**TASK DESCRIPTION:**
Starting with the line that contains "KÖK - Kök i" and stopping after the line that contains "站位方面有个小技巧:让所有主", copy the entries below exactly. Include nothing else.

**INFORMATION SUPPLIED:**
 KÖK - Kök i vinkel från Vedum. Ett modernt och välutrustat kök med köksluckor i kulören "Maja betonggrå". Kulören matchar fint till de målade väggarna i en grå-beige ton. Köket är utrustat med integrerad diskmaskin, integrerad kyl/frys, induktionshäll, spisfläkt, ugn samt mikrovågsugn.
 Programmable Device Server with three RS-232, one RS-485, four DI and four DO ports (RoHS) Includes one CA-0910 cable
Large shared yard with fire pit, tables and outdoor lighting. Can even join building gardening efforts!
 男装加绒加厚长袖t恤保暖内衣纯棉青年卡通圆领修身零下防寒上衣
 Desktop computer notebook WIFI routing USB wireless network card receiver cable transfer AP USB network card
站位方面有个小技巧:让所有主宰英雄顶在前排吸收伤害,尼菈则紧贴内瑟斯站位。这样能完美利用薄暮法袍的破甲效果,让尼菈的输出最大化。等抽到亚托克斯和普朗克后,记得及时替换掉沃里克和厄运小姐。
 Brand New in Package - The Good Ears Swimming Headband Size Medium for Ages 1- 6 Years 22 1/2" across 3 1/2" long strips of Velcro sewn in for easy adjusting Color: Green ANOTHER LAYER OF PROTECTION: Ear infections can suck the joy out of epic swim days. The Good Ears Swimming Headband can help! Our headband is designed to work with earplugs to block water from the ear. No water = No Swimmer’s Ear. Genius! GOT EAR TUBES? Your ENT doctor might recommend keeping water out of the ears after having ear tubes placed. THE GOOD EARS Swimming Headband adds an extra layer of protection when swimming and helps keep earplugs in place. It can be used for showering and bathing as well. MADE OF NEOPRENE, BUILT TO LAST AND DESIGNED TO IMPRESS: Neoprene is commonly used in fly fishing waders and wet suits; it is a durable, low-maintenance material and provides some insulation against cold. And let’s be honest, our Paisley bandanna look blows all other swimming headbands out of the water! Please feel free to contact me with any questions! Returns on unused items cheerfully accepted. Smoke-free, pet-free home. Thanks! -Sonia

--

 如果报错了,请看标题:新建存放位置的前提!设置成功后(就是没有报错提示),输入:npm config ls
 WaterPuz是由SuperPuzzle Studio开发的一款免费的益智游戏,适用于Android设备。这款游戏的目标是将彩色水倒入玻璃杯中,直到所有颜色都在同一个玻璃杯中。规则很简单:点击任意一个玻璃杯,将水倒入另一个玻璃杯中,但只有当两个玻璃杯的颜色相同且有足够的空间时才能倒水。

* * *

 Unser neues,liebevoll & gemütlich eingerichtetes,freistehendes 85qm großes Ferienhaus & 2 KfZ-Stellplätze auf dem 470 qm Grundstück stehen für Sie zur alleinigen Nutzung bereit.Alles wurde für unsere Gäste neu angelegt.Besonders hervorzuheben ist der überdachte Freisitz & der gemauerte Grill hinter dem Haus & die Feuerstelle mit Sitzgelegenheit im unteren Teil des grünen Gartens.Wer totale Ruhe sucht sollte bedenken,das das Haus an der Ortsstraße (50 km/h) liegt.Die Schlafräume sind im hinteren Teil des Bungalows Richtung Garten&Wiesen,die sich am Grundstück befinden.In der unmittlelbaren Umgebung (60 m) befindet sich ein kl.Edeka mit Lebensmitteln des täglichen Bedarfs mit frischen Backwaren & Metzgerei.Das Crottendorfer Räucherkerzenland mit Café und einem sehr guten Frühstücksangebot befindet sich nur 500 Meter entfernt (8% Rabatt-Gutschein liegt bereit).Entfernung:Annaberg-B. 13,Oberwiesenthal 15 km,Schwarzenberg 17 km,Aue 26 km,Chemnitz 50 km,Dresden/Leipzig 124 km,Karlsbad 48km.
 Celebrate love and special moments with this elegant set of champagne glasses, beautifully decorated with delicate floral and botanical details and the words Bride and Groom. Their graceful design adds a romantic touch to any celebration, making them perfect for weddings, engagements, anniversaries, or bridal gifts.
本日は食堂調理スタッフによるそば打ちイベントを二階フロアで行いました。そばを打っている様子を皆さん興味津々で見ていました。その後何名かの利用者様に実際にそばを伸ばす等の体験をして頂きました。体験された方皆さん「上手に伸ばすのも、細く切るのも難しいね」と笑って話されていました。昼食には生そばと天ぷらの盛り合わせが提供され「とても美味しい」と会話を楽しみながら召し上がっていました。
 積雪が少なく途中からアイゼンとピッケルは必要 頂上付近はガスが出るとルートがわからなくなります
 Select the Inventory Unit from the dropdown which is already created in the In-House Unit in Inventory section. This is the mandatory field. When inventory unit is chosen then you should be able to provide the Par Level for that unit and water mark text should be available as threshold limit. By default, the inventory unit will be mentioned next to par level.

**EXERCISE RESPONSE:**
 KÖK - Kök i vinkel från Vedum. Ett modernt och välutrustat kök med köksluckor i kulören "Maja betonggrå". Kulören matchar fint till de målade väggarna i en grå-beige ton. Köket är utrustat med integrerad diskmaskin, integrerad kyl/frys, induktionshäll, spisfläkt, ugn samt mikrovågsugn.
 Programmable Device Server with three RS-232, one RS-485, four DI and four DO ports (RoHS) Includes one CA-0910 cable
Large shared yard with fire pit, tables and outdoor lighting. Can even join building gardening efforts!
 男装加绒加厚长袖t恤保暖内衣纯棉青年卡通圆领修身零下防寒上衣
 Desktop computer notebook WIFI routing USB wireless network card receiver cable transfer AP USB network card
站位方面有个小技巧:让所有主宰英雄顶在前排吸收伤害,尼菈则紧贴内瑟斯站位。这样能完美利用薄暮法袍的破甲效果,让尼菈的输出最大化。等抽到亚托克斯和普朗克后,记得及时替换掉沃里克和厄运小姐。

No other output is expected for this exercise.